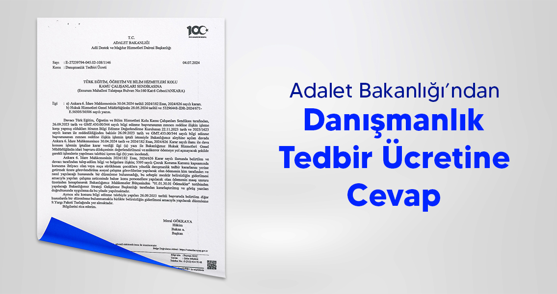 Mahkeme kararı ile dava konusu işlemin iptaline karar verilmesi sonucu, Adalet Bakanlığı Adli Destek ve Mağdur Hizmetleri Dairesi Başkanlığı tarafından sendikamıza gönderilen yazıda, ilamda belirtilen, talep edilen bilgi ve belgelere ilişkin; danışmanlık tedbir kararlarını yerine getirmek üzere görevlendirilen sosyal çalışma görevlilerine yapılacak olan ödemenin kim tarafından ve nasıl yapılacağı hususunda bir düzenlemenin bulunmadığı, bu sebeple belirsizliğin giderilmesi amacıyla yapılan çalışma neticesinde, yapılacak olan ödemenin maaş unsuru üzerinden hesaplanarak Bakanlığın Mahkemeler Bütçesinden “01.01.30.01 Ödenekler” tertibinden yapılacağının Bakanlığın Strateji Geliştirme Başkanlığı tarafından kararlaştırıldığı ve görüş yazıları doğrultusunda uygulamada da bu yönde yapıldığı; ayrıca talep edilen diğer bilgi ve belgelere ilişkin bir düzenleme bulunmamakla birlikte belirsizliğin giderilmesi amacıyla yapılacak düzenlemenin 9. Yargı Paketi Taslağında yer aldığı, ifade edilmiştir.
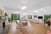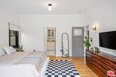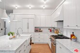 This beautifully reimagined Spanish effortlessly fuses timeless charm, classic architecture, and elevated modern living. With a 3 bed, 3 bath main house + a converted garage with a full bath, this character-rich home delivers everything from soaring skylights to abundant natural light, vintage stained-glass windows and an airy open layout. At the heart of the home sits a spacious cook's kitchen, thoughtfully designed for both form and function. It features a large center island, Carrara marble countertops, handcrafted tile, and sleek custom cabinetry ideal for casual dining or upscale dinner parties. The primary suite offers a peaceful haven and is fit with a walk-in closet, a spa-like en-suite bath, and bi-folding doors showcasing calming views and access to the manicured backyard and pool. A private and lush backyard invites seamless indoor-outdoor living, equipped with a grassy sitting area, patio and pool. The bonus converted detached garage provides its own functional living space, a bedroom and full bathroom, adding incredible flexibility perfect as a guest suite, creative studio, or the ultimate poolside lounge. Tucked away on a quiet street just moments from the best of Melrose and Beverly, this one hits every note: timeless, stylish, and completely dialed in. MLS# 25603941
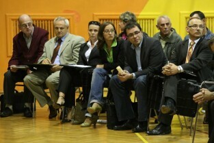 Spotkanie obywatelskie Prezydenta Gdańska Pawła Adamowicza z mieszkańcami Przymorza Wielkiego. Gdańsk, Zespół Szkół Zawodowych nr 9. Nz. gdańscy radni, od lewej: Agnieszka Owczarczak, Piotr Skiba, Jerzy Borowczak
□ □ □ □
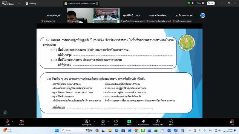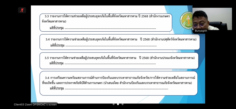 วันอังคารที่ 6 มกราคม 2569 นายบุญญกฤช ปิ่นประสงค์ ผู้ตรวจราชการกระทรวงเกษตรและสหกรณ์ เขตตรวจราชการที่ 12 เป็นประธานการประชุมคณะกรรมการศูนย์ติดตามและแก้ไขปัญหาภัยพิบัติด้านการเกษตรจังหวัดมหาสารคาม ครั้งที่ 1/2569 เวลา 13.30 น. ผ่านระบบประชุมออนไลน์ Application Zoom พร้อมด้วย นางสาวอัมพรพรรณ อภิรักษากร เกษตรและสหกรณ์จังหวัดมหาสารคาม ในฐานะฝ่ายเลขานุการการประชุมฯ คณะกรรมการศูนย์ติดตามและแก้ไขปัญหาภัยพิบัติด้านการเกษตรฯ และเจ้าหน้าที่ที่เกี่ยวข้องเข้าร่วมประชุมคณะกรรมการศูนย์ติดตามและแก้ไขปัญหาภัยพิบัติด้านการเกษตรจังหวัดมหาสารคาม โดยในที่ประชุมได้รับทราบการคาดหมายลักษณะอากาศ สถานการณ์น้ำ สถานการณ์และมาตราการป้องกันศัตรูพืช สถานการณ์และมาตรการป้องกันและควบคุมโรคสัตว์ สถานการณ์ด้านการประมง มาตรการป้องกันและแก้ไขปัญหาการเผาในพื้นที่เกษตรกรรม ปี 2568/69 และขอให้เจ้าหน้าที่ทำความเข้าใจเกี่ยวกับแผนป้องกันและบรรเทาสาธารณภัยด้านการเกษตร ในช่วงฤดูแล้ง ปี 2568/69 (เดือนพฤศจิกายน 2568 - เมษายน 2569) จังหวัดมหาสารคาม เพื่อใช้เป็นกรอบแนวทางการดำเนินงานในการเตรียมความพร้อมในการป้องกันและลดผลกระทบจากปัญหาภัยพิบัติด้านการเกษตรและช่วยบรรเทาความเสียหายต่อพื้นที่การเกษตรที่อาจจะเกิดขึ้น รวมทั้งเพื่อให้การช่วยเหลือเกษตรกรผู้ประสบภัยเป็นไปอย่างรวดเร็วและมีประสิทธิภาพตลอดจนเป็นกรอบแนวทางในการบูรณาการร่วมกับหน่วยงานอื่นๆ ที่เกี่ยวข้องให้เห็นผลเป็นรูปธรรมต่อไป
□ □ □ □
> [TASK BRIEF]
Pictures aside, print exactly the lines above starting with the one containing "This beautifully reimagined" and going on through the one containing "Spotkanie obywatelskie Prezydenta".

> [EXERCISE SOLUTION]
 This beautifully reimagined Spanish effortlessly fuses timeless charm, classic architecture, and elevated modern living. With a 3 bed, 3 bath main house + a converted garage with a full bath, this character-rich home delivers everything from soaring skylights to abundant natural light, vintage stained-glass windows and an airy open layout. At the heart of the home sits a spacious cook's kitchen, thoughtfully designed for both form and function. It features a large center island, Carrara marble countertops, handcrafted tile, and sleek custom cabinetry ideal for casual dining or upscale dinner parties. The primary suite offers a peaceful haven and is fit with a walk-in closet, a spa-like en-suite bath, and bi-folding doors showcasing calming views and access to the manicured backyard and pool. A private and lush backyard invites seamless indoor-outdoor living, equipped with a grassy sitting area, patio and pool. The bonus converted detached garage provides its own functional living space, a bedroom and full bathroom, adding incredible flexibility perfect as a guest suite, creative studio, or the ultimate poolside lounge. Tucked away on a quiet street just moments from the best of Melrose and Beverly, this one hits every note: timeless, stylish, and completely dialed in. MLS# 25603941
 Spotkanie obywatelskie Prezydenta Gdańska Pawła Adamowicza z mieszkańcami Przymorza Wielkiego. Gdańsk, Zespół Szkół Zawodowych nr 9. Nz. gdańscy radni, od lewej: Agnieszka Owczarczak, Piotr Skiba, Jerzy Borowczak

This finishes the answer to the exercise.